County votes to pay legal fees for two county employees
Published 9:52 pm Tuesday, October 28, 2014
The Decatur County Board of Commissioners voted unanimously Tuesday to pay legal fees to Harrell & Lewis, LLC for representing former county employee Rachel Trolinger.
The legal expense for Trolinger’s attorney, Jami Lewis, amounts to a flat fee of $5,000.
In addition, Decatur County Attorney Brown Moseley presented the board with another request to pay for the legal fees of an employee of the Decatur County Sheriff’s Office. The employee has been accused of sexual assault against an inmate.
“Given the dollars we have been talking about tonight and dealing with, I suggested to (Sheriff Wiley Griffin) that if he had no objection, and with the permission of the commission, rather than going out and hire a lawyer, I think I could properly represent this defendant as far as his presentation before a grand jury,” Moseley said.
The board unanimously voted for Moseley to represent the employee.
The Georgia Bureau of Investigation released warrants Sept. 15 for Trolinger, who is accused of forgery in the first degree. Trolinger, formerly an administrative assistant at the DCSO, allegedly committed the crime while performing the duties of her job on Sept. 30, 2013.
“Looking at the facts in this case, they cannot be distinguished from the other case which the county has elected to pay attorneys fees,” said in reference to the board’s decision to pay for the legal fees of two indicted county deputies.
After voting on the motion, commissioner Russell Smith said he believed the resolution in which the board’s decision was based on “has opened a Pandora’s Box,” and made a motion to rescind the resolution.
“If we keep it like it is, we’re going to break the county even more so,” Smith said. “I think we either need to rescind the resolution or make some amendments to it.”
Smith’s motion died for lack of a second.
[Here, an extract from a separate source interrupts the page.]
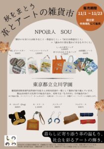 11月1日(土)から、国立駅有人改札で「もののわ」が始まりました! NPO法人SOUからは ◎刺し子コースター ◎ペイントトートバッグ ◎パンダバッグ ◎和綴じノートを出品いたします。 期間:11月1日(土)〜11月23 […]
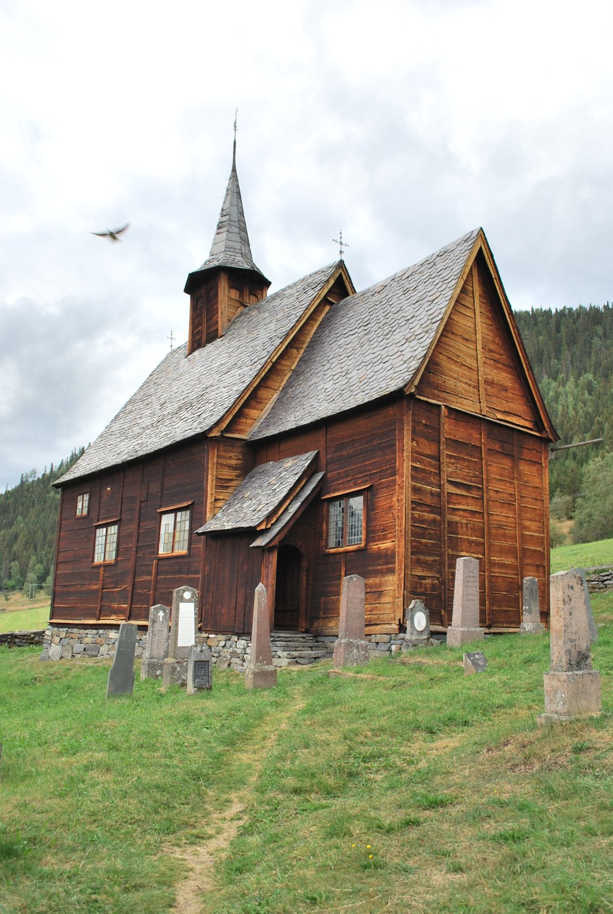 Ráno po snídani jedeme na první parkoviště s vykopávkami, je tu asi 5 bydlíků, ještě spí, takže máme vykopávky jenom pro sebe. Stejně tak i na druhém stanovišti, kde je malý asi 800 metrový okruh. Pak jedeme k muzeum Vitlycke, otevírají až v 10, takže si nejdříve prohlédneme okruh s vykopávkami a pak jdeme do muzea. Koupíme podtácky a pohled. Všude se dá platit kartou, takže ani nepotřebujeme švédské koruny. Z muzea jedem přes Oslo, Sandviku, Hønefoss, Fagernes, Ryfoss k městečku Lomen, kde se podíváme na první „sloupový“ dřevěný kostel. Mají tu záchody s teplou vodou, kostel už je však zavřený. Popojedeme ještě kousek a najdeme místo na spaní, u malého jezera je plážička s piknikovým stolem, suchý záchod a kabinka s kamny na převlékání. Takže se vykoupeme – voda je docela teplá, uděláme večeři a jdeme spát.

The resolution, passed Aug. 26, states Decatur County, “in it’s discretion,” will undertake the expenses to defend Decatur County employees in civil, criminal or quasi criminal actions arising from the duties of their job.
“The next case might not be apples to apples,” commissioner Dennis Brinson said. “It might be apples to oranges, or apples to tangerines. In hindsight, I think we have gotten ourselves in a situation where we’ve set a precedent we can’t really hold up.”